IDIBAPS, Institut d'Investigacions Biomèdiques August Pi i Sunyer

Main lines of research

1. Cell proliferation and cancer. The objective of this line of research is to analyze the mechanisms that control progression of the cell cycle and its alterations in oncogenesis. Specifically, we are studying the following:

• The role of protein p27 in oncogenesis. There is evidence that reduced levels of p27 in tumors is linked to a poor outcome. The aim is to identify the role of p27 in tumor development.
• The role of acetylation of proteins that regulate the cell cycle in the control of proliferation. The specific aim is to study the functional relevance of acetylation of p27, cyclin A and cdk2.
• The role of the SET protein in oncogenesis. We are studying whether the role of this protein in the development of tumors is mediated by the phosphatase PP2A or by its phosphorylation by CK2.

2. Cell signalling. In this line of research, we study the molecular mechanisms of endocytosis, intracellular protein and cholesterol transport and the signalling processes in the endocytic compartment and the plasma membrane that may be involved in different diseases, such as those that cause accumulation of lipids and cholesterol or in cancer. Specifically, we are working on the aspects described below:

• Role of annexin A6 in cell signalling. Analysis of the role of annexin A6 (a) in the formation of H-Ras-p120GAP complexes and in the inactivation of Ras and (b) in the transport of caveolin and in the formation of caveolae.
• Biogenesis of lipid bodies. Study of the biogenesis of lipid bodies and their role in the transport of caveolin, intracellular accumulation of lipids and proliferative activation.
• Role of calmodulin in the regulation of intracellular traffic of EGFR. Analysis of the role of calmodulin and of PKCd in the regulation of traffic and signalling and degradation of EGFR and transport of LDL through the early and late compartments of the endocytic compartment.

3. Signalling and regulation of the cell cycle. This line of research focuses on identification of the molecular mechanisms that regulate control of the cell cycle via the pathway of MAP kinases activated by stress in yeast cells and cultures of human normal and tumor cells. This research is divided into two lines of work:

• Regulation of mitosis via the pathway of MAP kinases activated by stress in yeast cells. We aim to identify a) the mechanisms by which Srk1 regulates the restart of mitosis after blocking in phase G2 in response to stress, b) the specific components regulated by Srk1 in blocking the exit from mitosis produced by Srk1 and c) the molecular mechanisms by which Srk1 negatively regulates the activity of the p38/Sty1 kinase.
• Regulation of mitosis via the pathway of MAP kinases activated by stress in cultures of normal and tumor cells. We aim to identify a) the mechanisms by which MK2 regulates the induction of apoptosis via the E2F1 transcription factor and b) new substrates of the MAPKAP-K2 kinase via the TAP purification system and proteomic analysis.

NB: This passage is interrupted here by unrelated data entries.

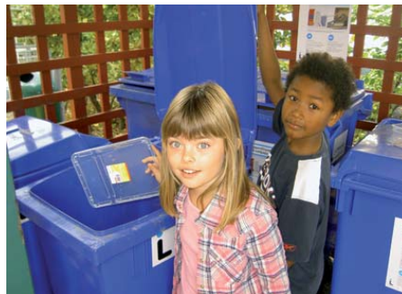
Eleverna i stadsdelens skolor arbetar aktivt med miljöfrågor.

Andelen skolelever som är behöriga till gymnasieskolans nationella program är fortsatt högt i stadsdelen. För att skapa bra förutsättningar för det individuella lärandet arbetar skolorna flexibelt, tematiskt och ämnesövergripande samt anpassar elevgruppernas storlek efter behov. Social och emotionell träning finns schemalagd i alla skolår och på alla skolor. Daglig fysisk aktivitet, eller hälsoskola i annan form, finns på samtliga rektorsområden.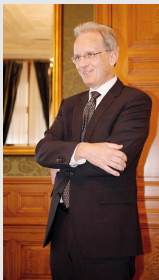
Referent Hans-Ulrich Bigler, Direktor des Schweizerischen Gewerbeverbandes, einer der prominentesten Schweizer Wirtschaftspolitiker

Mit diesem namhaften Gast hat sich einmal mehr die erfolgreiche Ausrichtung der HSU Zürich auf den bilateralen Mittelstand und seine vielfältigen Belange in den Beziehungen Schweiz-Ungarn bestätigt. Der gut und ausgesprochen prominent besuchte Zürcher HSU-Vortrag von Hans-Ulrich Bigler war in diesem Sinne ein charmant vorgetragener Berner Appell zur Rückbesinnung auf die genuinen Stärken des Mittelstandes. Damit konnten nicht nur die im Partnerland Ungarn engagierten KMU-Unternehmer vom Referat profitieren. Die vor-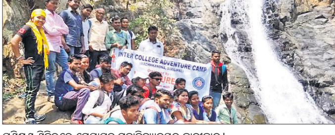
ପ୍ରଶିକ୍ଷଣ ଶିବିରରେ ମେଘାସନ ମହାବିଦ୍ୟାଳୟର ଛାତ୍ରାଛାତ୍ରୀ।

ତଥା ଉତ୍ତମାପିତ କାର୍ଯ୍ୟ ସମ୍ପର୍କରେ ଶିକ୍ଷା ପ୍ରଦାନ କରାଯାଇଥିଲା। ଉଦ୍ଘାଟନା ଦିବସରେ ସ୍ୱେଚ୍ଛାସେବୀମାନେ ନିକଟବର୍ତ୍ତୀ ମନକଣ୍ଡା ଗ୍ରାମରେ ଭୋଗ ସଚେତନତା କାର୍ଯ୍ୟକ୍ରମରେ ଆୟୋଜନ କରି ଘରକୁ ଘର ବୁଲି ଭୋଗଦାନ ଅଧିକାର ସମ୍ପର୍କରେ ଶିବିର ଉଦ୍ଘାଟିତ ହୋଇଯାଇଛି।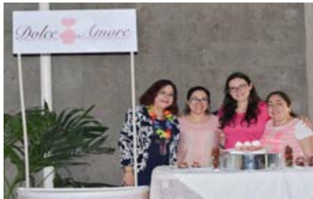
Grupo No. 2, producto: variedad de cupcakes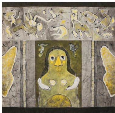
Mume , 1997

Colaj, tempera și tuș pe hârtie, triptic, 104.5 × 104.3 cm, 103.8 × 76.3 cm și 103.8 × 76.3 cm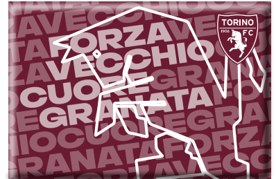
TR1623 MAGNETE STAMPATO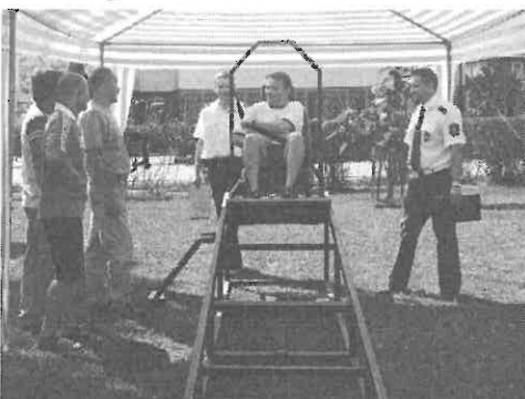
Az ütközés szimulátort csak a legbátrabbak merték kipróbálni.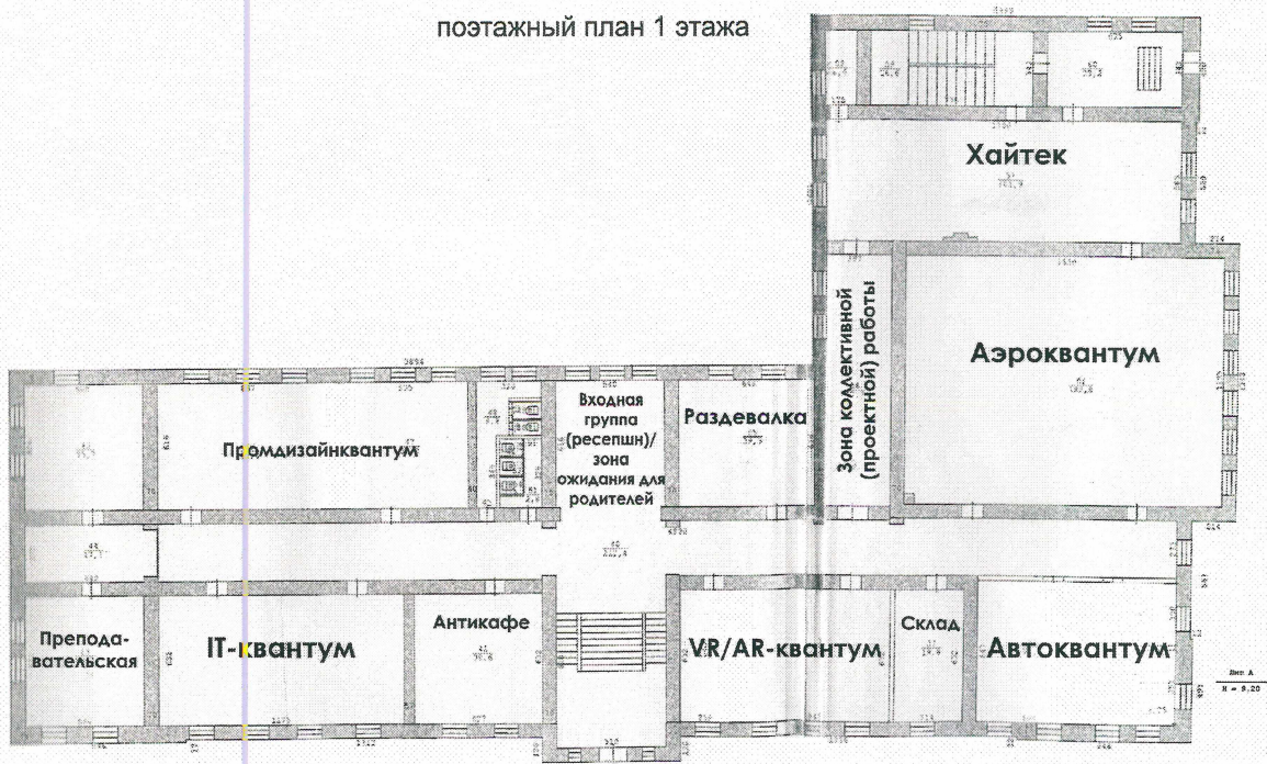
поэтажный план 1 этажа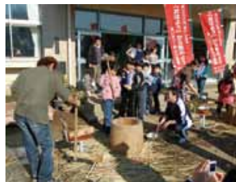
学校と地域が一体となっています

毎年11月には、子ども会育成会とPTAの共催による「三世代餅つき大会」を行っています。どの子も杵を持って餅つきの体験をします。高学年の子は、前日から一緒に準備に取りかかり、調理体験もします。当日は、祖父母の方々も一緒になつて、お手伝いをしてくれます。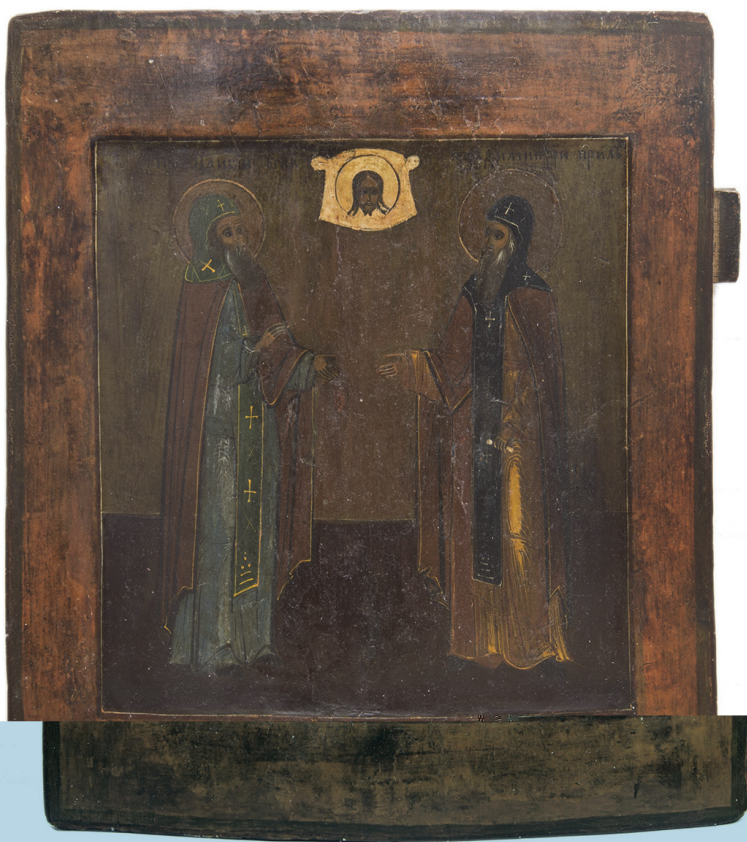
UGLICSI SZENT PAISZJ ÉS PRILUCKI SZENT GYIMITRIJ (Fent Akheiropoietosz) Orosz ikon, 1800 körül. Fa, tempera, olaj, 31,5 × 27,5 cm (magántulajdon, Budapest)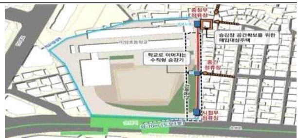
< 솔샘역 인근 >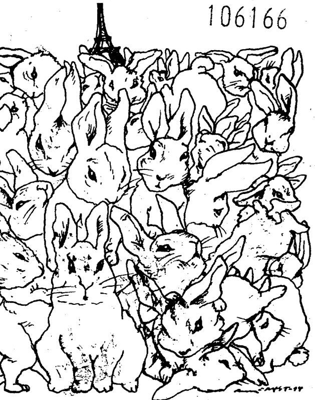
Tegning: ARNE NØST

Ingen ser så troskyldig ut som en beneiktende lommetyv. «Sette opp et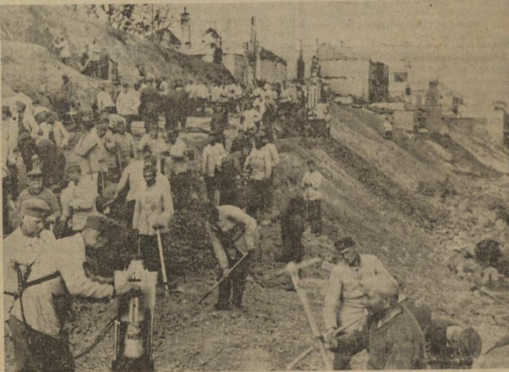
Aufbauarbeit in Polen: Pioniere bei Planierungsarbeiten in Polen. Nachdem nunmehr die Kampfhandlungen in Polen ihren Abschluß gefunden haben, beginnt sofort in allen von den Zerstörungen des Krieges heimgesuchten Gebieten des Landes der Wiederaufbau.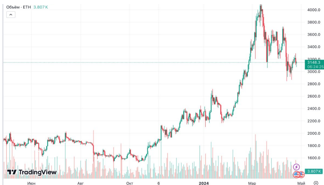
Рис.1. Курс эфириума к доллару за период 2023-2024 гг. [7]

Сравнивая традиционные методы инвестирования и инвестирование в криптовалюту, можно сравнить их рост. К примеру, возьмем индекс МосБиржи, так как именно эти акции включают все акции крупных компаний, создавая тем самым портфель, и индекс МосБиржи за год в период с марта 2023г. По март 2024г. вырос на 36,23%. В свою очередь криптовалюта может показывать такие результаты за месяц и даже неделю, как правило, около 20% в среднем растет криптовалюта за неделю.

4. Cell cycle: transduction of signals and checkpoints. The objective of this line of work is to analyze the intracellular mechanisms of transduction of the signals that regulate the progression of the cell cycle and their control mechanisms or checkpoints. In relation to this general objective, in recent years, we have developed the following lines of research:

• Regulation of the functionality of K-Ras by phosphorylation and binding to calmodulin. We aim to analyze the functional relevance of KRas and pre PKC and of the interaction with calmodulin.
• Regulation of the functionality and intracellular location of p21Cip1 by phosphorylation and binding to calmodulin. We are currently analyzing the intracellular location of p21 in response to DNA damage and how its functionality may be regulated by phosphorylation or binding to calmodulin.
• DNA replication checkpoint. We have shown that while colon cancer cells are fully dependent on ATR/ATM for inhibiting entry into mitosis in response to DNA synthesis inhibitors, the untransformed cells have parallel mechanisms, which allows them to better maintain the integrity of the genome when DNA replication problems occur.